**Collected material:**

==*==

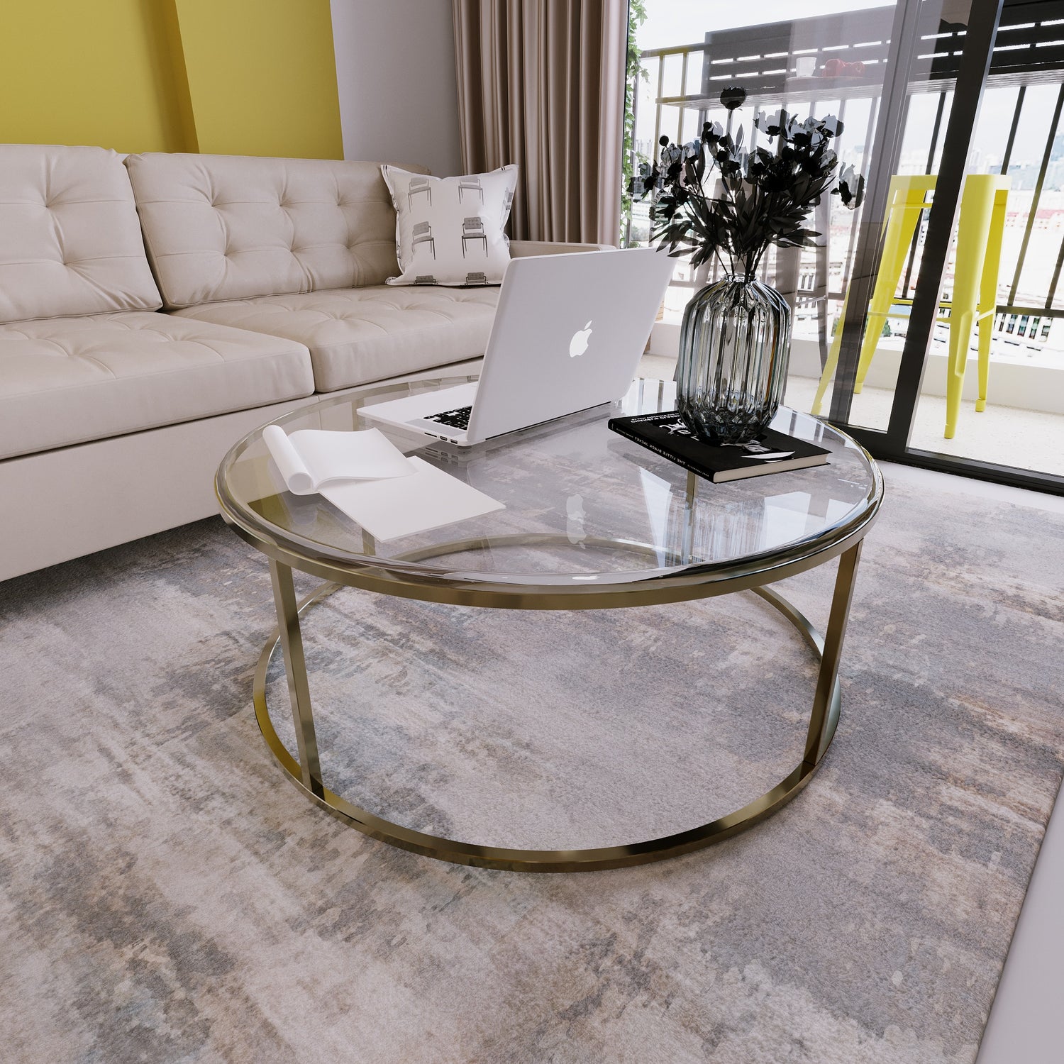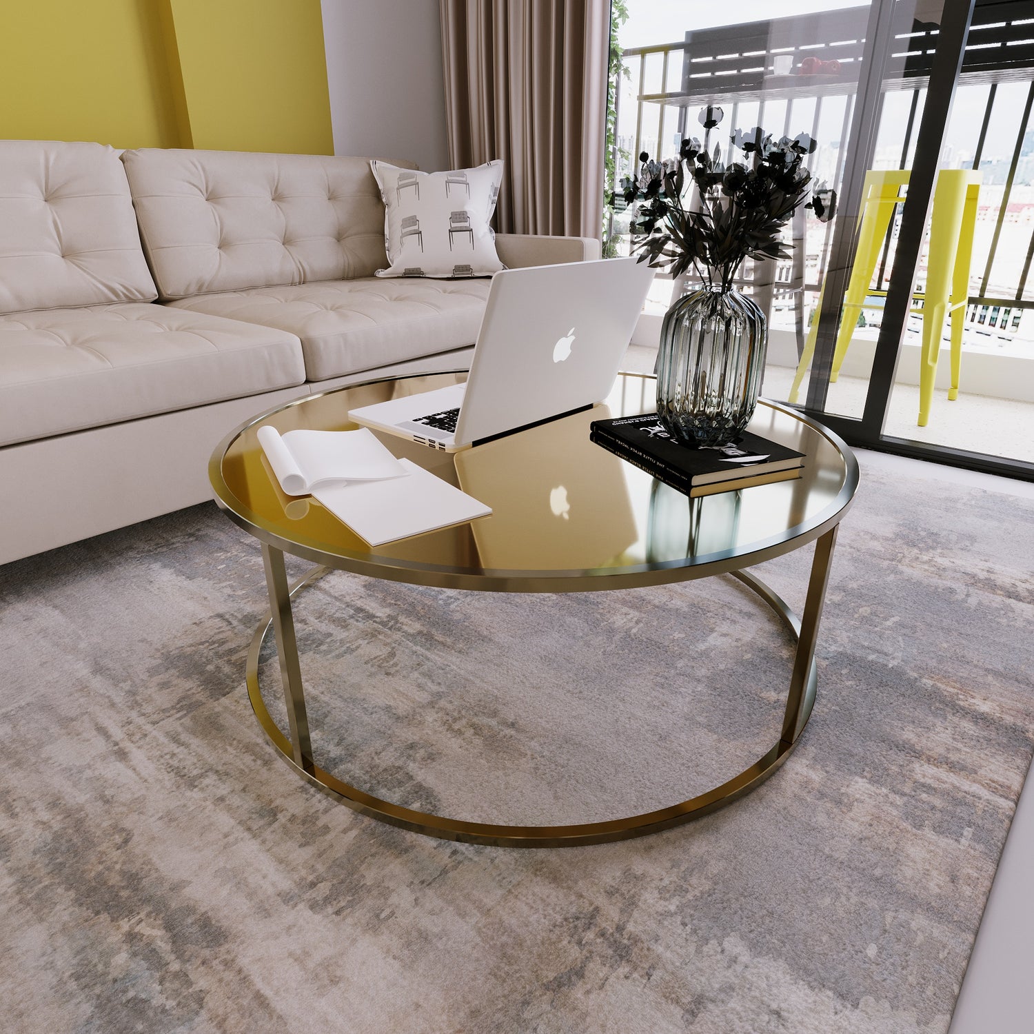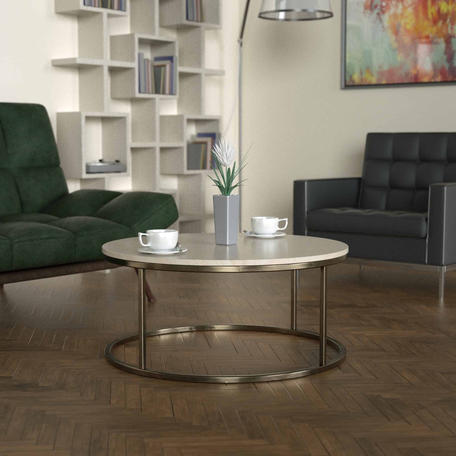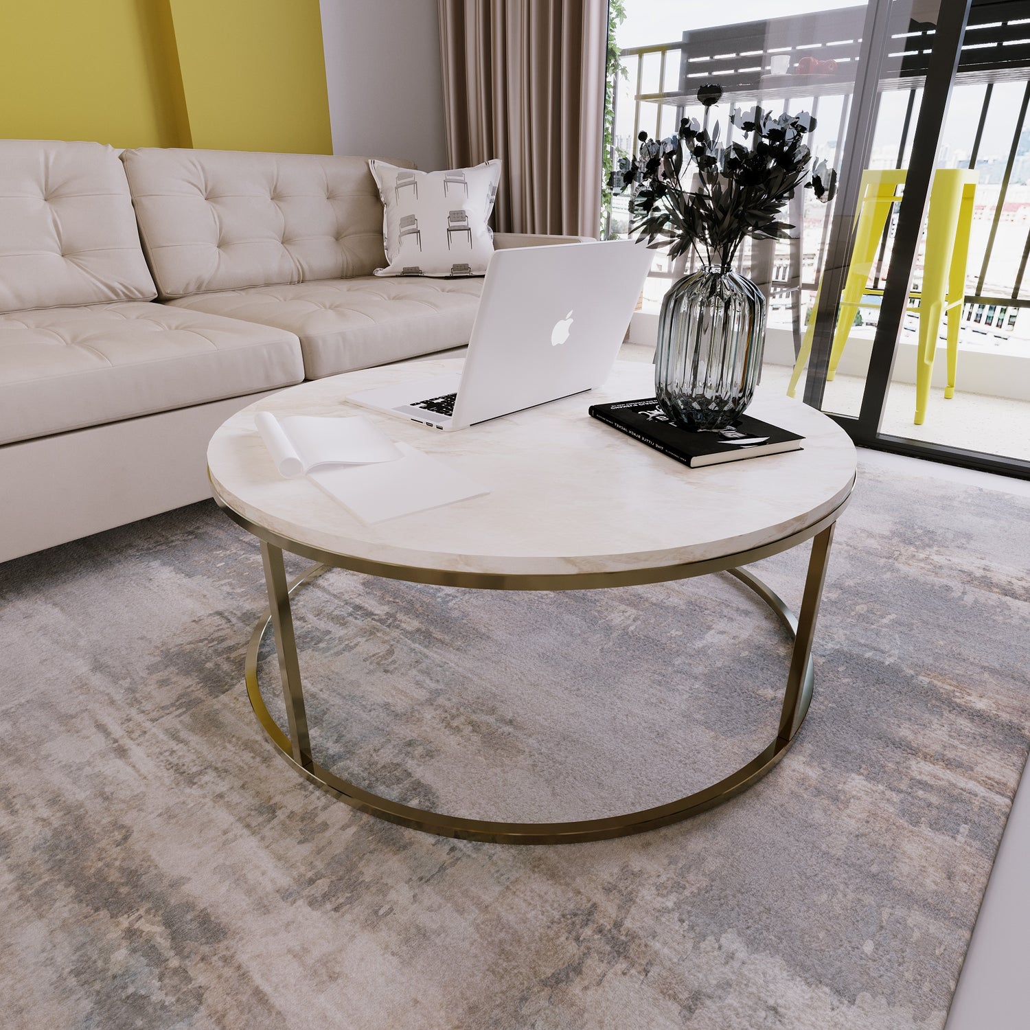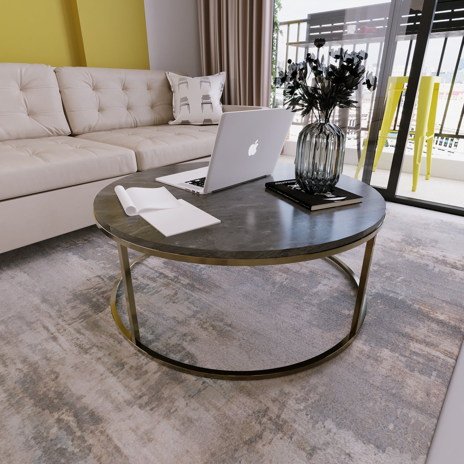Potrica Yuvarlak Orta Sehpa Eskitme Pirinç Ayak
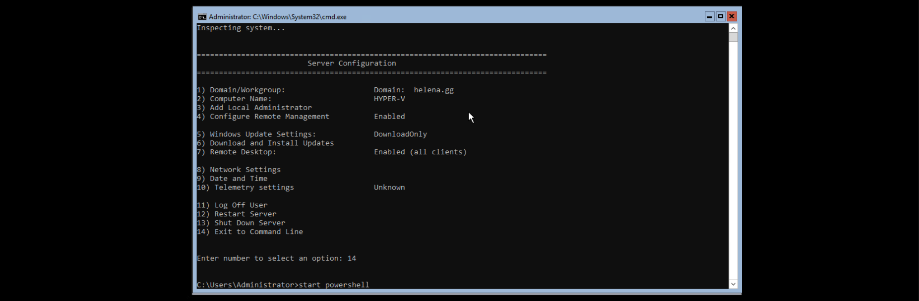 Then select option 14 to launch CMD, and type “start powershell” to launch Powershell
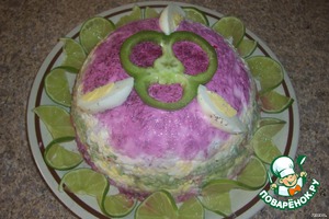 -остальной лук и свекла, сверху смазать оставшимся майонезом с йогуртом.
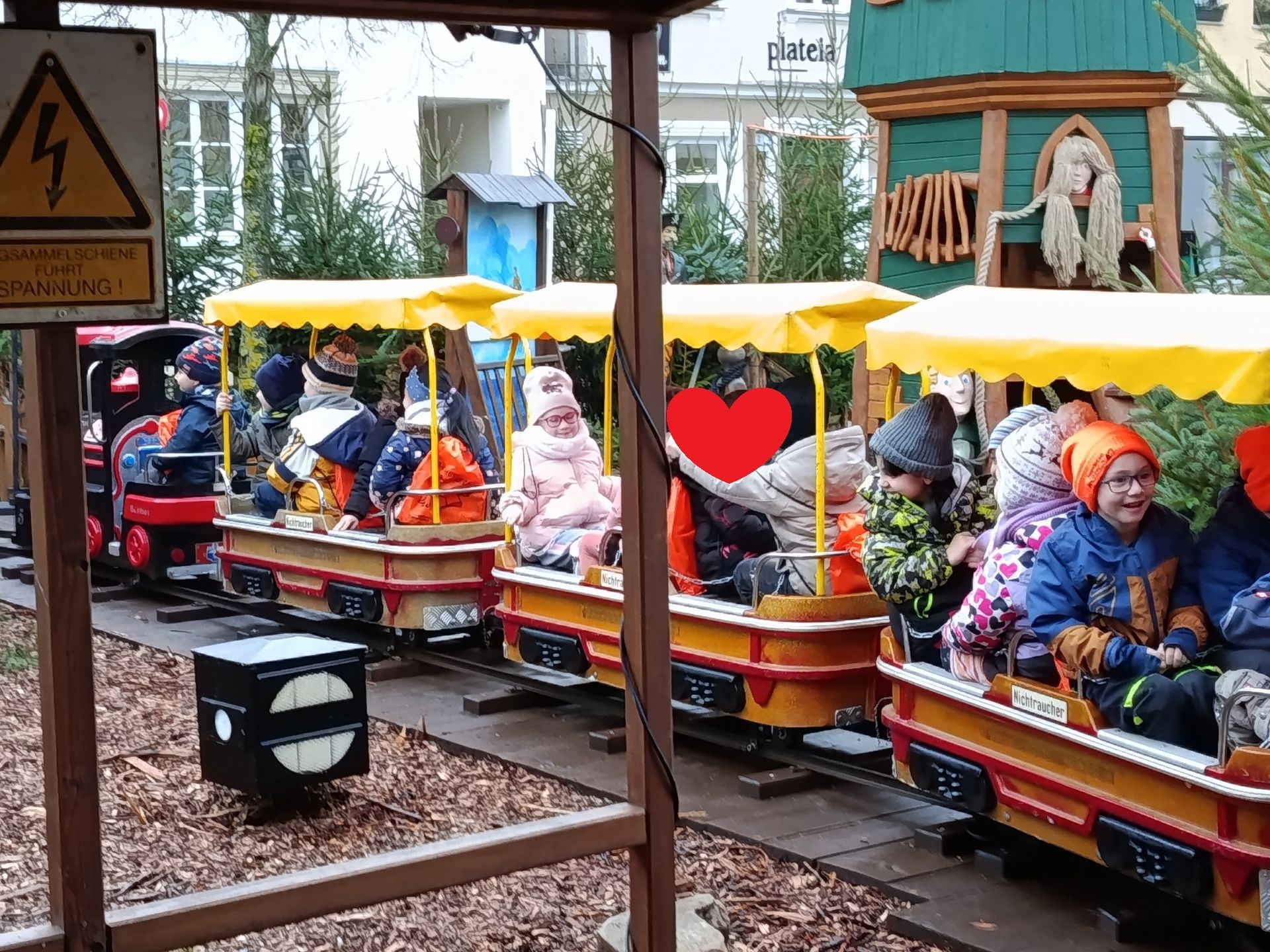 Am 9.12. gab es nach dem Büchereibesuch noch ein weiteres Highlight. Wir durften auf dem Lichtenfelser Weihnachtsmarkt mit der Eisenbahn fahren.

==*==

**Work instructions:**
Return every line above word for word, minus images.

**Finished task:**
Potrica Yuvarlak Orta Sehpa Eskitme Pirinç Ayak
 Then select option 14 to launch CMD, and type “start powershell” to launch Powershell
 -остальной лук и свекла, сверху смазать оставшимся майонезом с йогуртом.
 Am 9.12. gab es nach dem Büchereibesuch noch ein weiteres Highlight. Wir durften auf dem Lichtenfelser Weihnachtsmarkt mit der Eisenbahn fahren.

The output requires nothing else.